--- Stored data ---

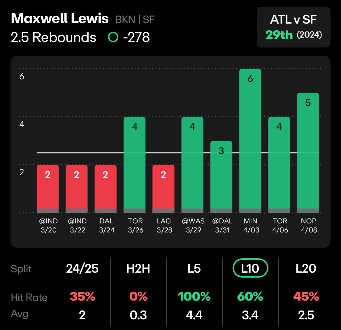 Maxwell Lews has played 15 minutes or more in 11 of his last 12 games, and 19 minutes or more in 7 of those 11 games. With that, he’s seen his rebound average double. This season he has averaged 2 rebounds per game, and in his last 10 games he’s averaged 4.4 boards.
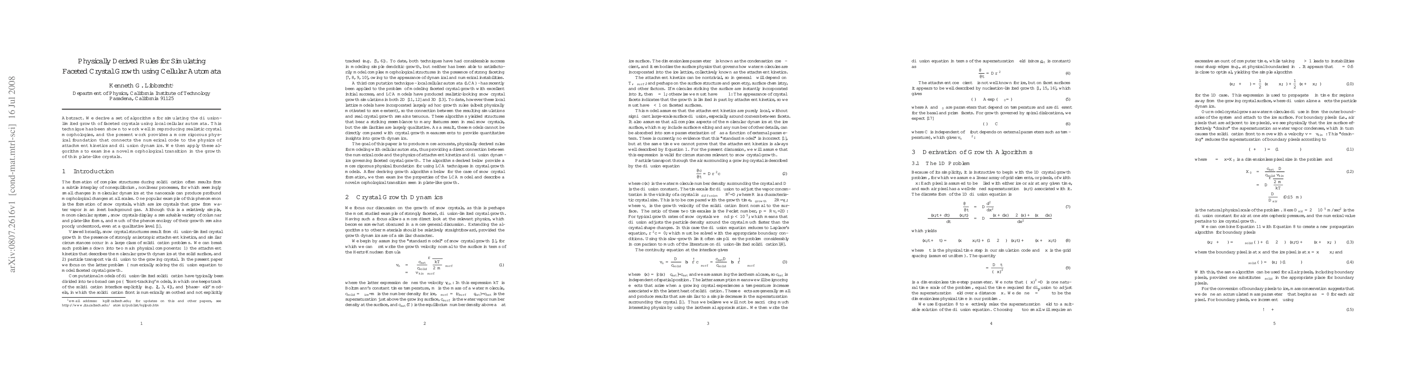 This paper develops algorithms for simulating faceted crystal growth using cellular automata, providing a more rigorous physical foundation based on attachment kinetics and diffusion dynamics. It also explores a novel morphological transition in the growth of thin plate-like crystals.
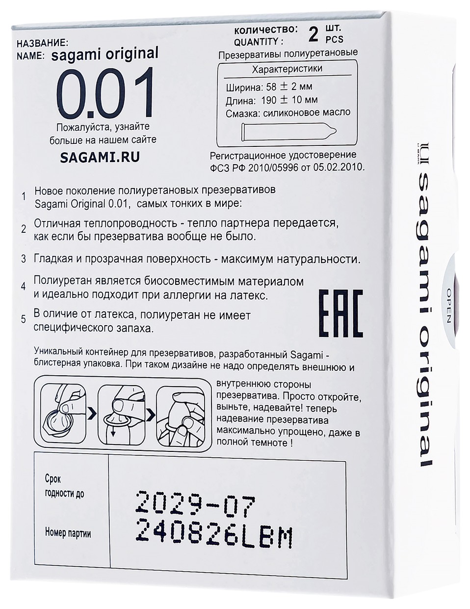 Эти ультратонкие презервативы с толщиной стенки 0,01 мм созданы специально для мужчин с выдающимися достоинствами. Благодаря увеличенному диаметру и длине в них вы всегда будете чувствовать себя комфортно. Не нужно беспокоиться о соскальзывании, ЗППП, нежелательной беременности партнёрши… Sagami Original L-size – комфорт, защита и естественные ощущения для по-настоящему больших мальчиков. Толщина стенки - 0,01 мм. Номинальная ширина - 58 /-2 мм. В упаковке - 2 шт. - Регистрационное удостоверение РФ: ФСЗ 2010/05996 - Дата регистрации медицинского изделия: 05.02.2010 г. - Срок действия регистрационного удостоверения: бессрочно - Представитель изготовителя медицинского изделия: - - Номер модели: 69667

---

Only the pictures are to be left out; print everything else in the listing exactly.

Solution to this problem ::
 Maxwell Lews has played 15 minutes or more in 11 of his last 12 games, and 19 minutes or more in 7 of those 11 games. With that, he’s seen his rebound average double. This season he has averaged 2 rebounds per game, and in his last 10 games he’s averaged 4.4 boards.
 This paper develops algorithms for simulating faceted crystal growth using cellular automata, providing a more rigorous physical foundation based on attachment kinetics and diffusion dynamics. It also explores a novel morphological transition in the growth of thin plate-like crystals.
 Эти ультратонкие презервативы с толщиной стенки 0,01 мм созданы специально для мужчин с выдающимися достоинствами. Благодаря увеличенному диаметру и длине в них вы всегда будете чувствовать себя комфортно. Не нужно беспокоиться о соскальзывании, ЗППП, нежелательной беременности партнёрши… Sagami Original L-size – комфорт, защита и естественные ощущения для по-настоящему больших мальчиков. Толщина стенки - 0,01 мм. Номинальная ширина - 58 /-2 мм. В упаковке - 2 шт. - Регистрационное удостоверение РФ: ФСЗ 2010/05996 - Дата регистрации медицинского изделия: 05.02.2010 г. - Срок действия регистрационного удостоверения: бессрочно - Представитель изготовителя медицинского изделия: - - Номер модели: 69667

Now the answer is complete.